In my mind, nothing sells this order quite like the ending. The Dance epilogue is actually shifted ahead of the last Barristan chapter, allowing Daenerys’ last chapter (in which she and Drogon eventually wind up surrounded by a Dothraki khalasar) to be the ending of the books. Sam’s final chapter from Feast also shows up later than it does in Boiled Leather, adding extra dramatic oomph to the one-two-three punches that Dance provides in its dying moments.

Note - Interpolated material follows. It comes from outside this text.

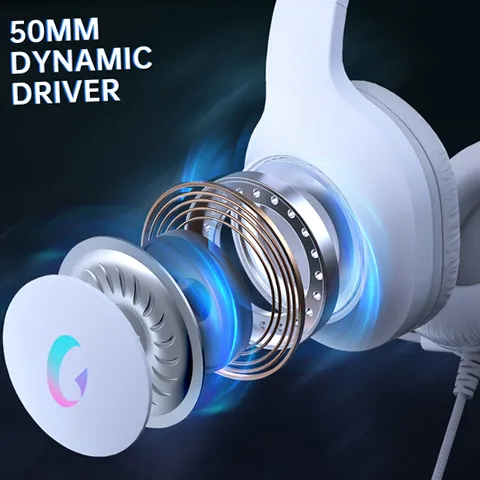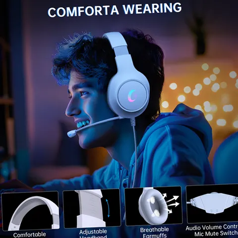 Ecomoment Wired Over-Ear Gaming Headphones with LED Light & 7.1 Surround Sound, White - Ergonomic Design

The list has its own website with a neat color scheme to clearly differentiate between chapters from the two books (something that was a personal pet peeve of mine when I scribbled down the Boiled Leather list a while ago). It’s worth a shot, as the care given to the parallel themes and narrative structure here is very similar to what D&D have attempted—sometimes successfully, sometimes not—in the television show.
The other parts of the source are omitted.